This morning as I’m taking a shower, the door opens and an amplified small voice begins a tale of what his sister has done. I gave him a message, “Tell her when I get out of the shower, she is getting disciplined.” His response was “ummmmm, do I have to tell her that?” I really was just buying time to get to finish my shower by even suggesting that he deliver the message. I blurted out “No, you just have to trust that I will take care of it.”
I have been at this parenting gig for nearly 23 years and somehow, I still don’t have a cure for tattling. There are times when a report is helpful if it is keeping a person from harm and there are times when it is self serving. It seems to me that if this is just part of parenting, and it can’t be completely eliminated, we should learn to utilize it well. The situations our children encounter in our home are the building blocks that will prepare them to navigate their future adult years.
How many times has someone come to me with report about another child quickly followed by a demand to know, what I am going to do about it. So many times! Sometimes I have heard, “They didn’t even get in trouble!” My kids have a high justice quotient and they want to know that I am not slacking in my parental duty to impart discipline on the oh, so obvious guilty party.
Are you curious about what my answer is when my children confront me about another person’s consequence or assumed lack thereof? I ask them, “Do I invite people to watch you be disciplined?” Followed by, “Do you want me to invite others to observe your discipline or would you rather keep it between us?” It is then that they agree that maybe I really am working it out as they have also in the past been pulled aside for a private talk.
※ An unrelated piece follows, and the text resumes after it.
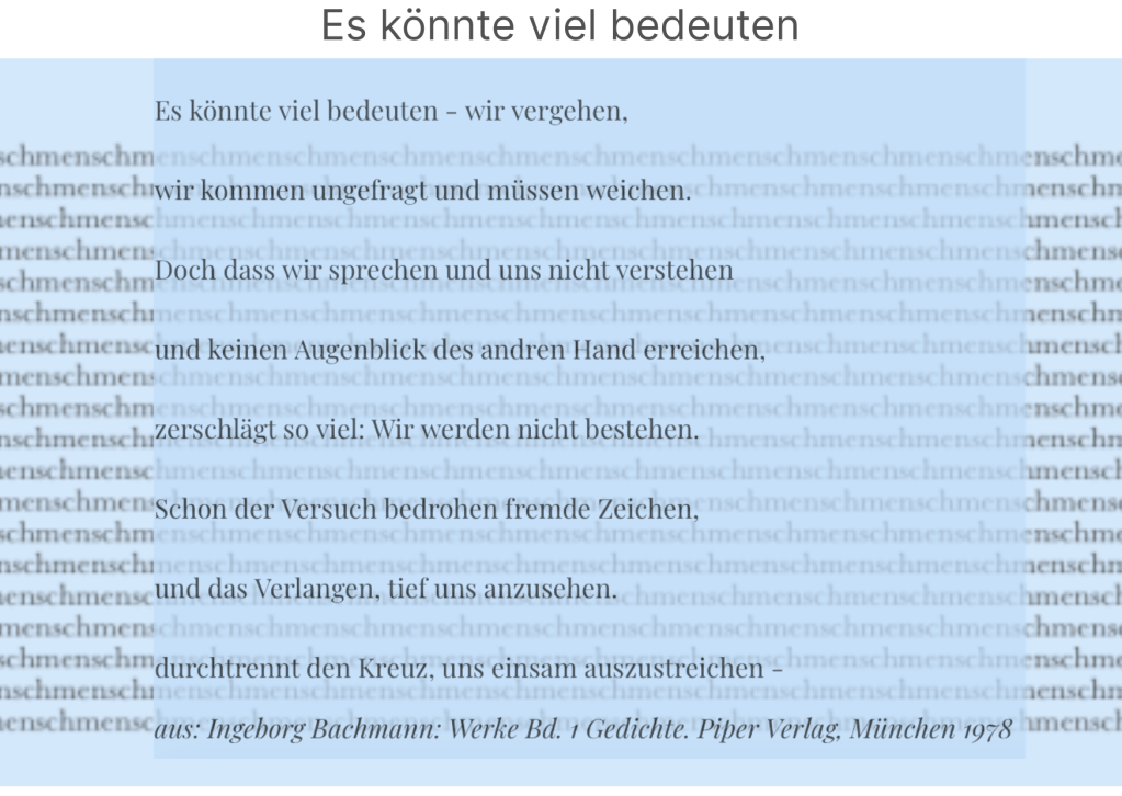 Diesen Sonntag gibt es ein Gedicht von Ingeborg Bachmann.

Now lets step back for a minute and think, why do we discipline our children in the first place? Parenting isn’t just playing referee and making it through until bedtime. We do discipline them but the greater goal is to disciple them. There is a definite connection between the two. The way that we correct our children can bring life and springboard them into teachable adulthood. There is a greater picture being worked out and the small things in parenting make deposits into the final outcome for our children.
The more years we walk through life as parents, the more we see the parallel with God being our father and we His children. We mess up, and we see others mess up. He deals with each of us uniquely doesn’t He? Sometimes I need discipline, sometimes it’s someone else who needs it. Sometimes we just need love, patience and grace as we, in time, come to more maturity. (Sometimes our kids just need to know we love them as they grow into more maturity).
There are times when it seems that God isn’t noticing what’s going on, even when we come to Him and tell Him about the obvious guilty party. But just like the reminder I gave to my son this morning, we need to trust God and know that he will take care of it. Nothing goes without His knowledge. He is discipling us, His people, but in ways as unique as we are. Sometimes we might feel like He is standing by, not carrying out the justice we expect, but we must trust Him, because He has the greater picture worked out.